Records shown -
........

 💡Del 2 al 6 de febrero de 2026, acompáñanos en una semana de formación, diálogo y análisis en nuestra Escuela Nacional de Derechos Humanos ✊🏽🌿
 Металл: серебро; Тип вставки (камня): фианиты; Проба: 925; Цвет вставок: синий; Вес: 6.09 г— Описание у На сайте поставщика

........

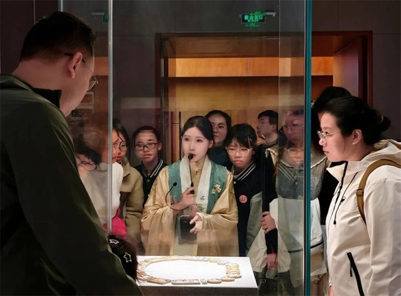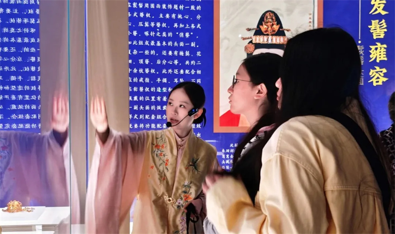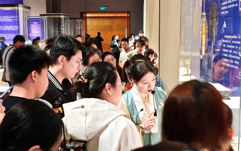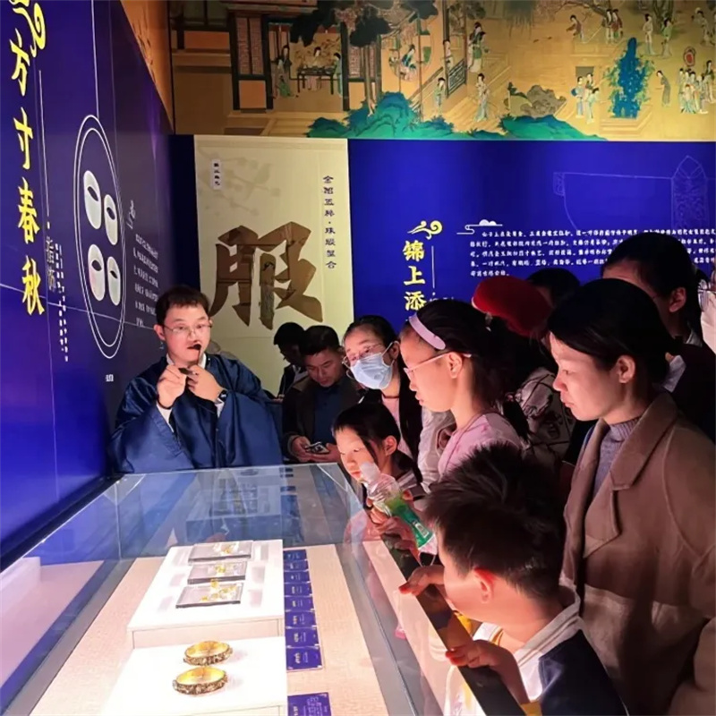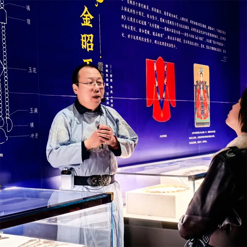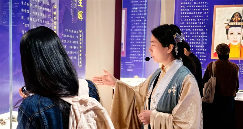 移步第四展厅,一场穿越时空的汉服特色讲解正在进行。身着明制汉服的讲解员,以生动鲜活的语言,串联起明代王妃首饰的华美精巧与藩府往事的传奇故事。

........

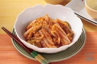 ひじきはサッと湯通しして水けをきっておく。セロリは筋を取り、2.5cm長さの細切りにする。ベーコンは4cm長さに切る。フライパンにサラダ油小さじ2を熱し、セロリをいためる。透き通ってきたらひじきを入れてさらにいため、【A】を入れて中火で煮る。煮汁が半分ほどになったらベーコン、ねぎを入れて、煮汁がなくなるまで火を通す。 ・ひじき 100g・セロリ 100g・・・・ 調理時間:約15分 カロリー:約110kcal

........

Activity - Your answer should consist solely of the lines above from the line with "Derechos Humanos ✊🏽🌿" to the line with "Металл: серебро; Тип", both included, reproduced exactly.

Task response -
 💡Del 2 al 6 de febrero de 2026, acompáñanos en una semana de formación, diálogo y análisis en nuestra Escuela Nacional de Derechos Humanos ✊🏽🌿
 Металл: серебро; Тип вставки (камня): фианиты; Проба: 925; Цвет вставок: синий; Вес: 6.09 г— Описание у На сайте поставщика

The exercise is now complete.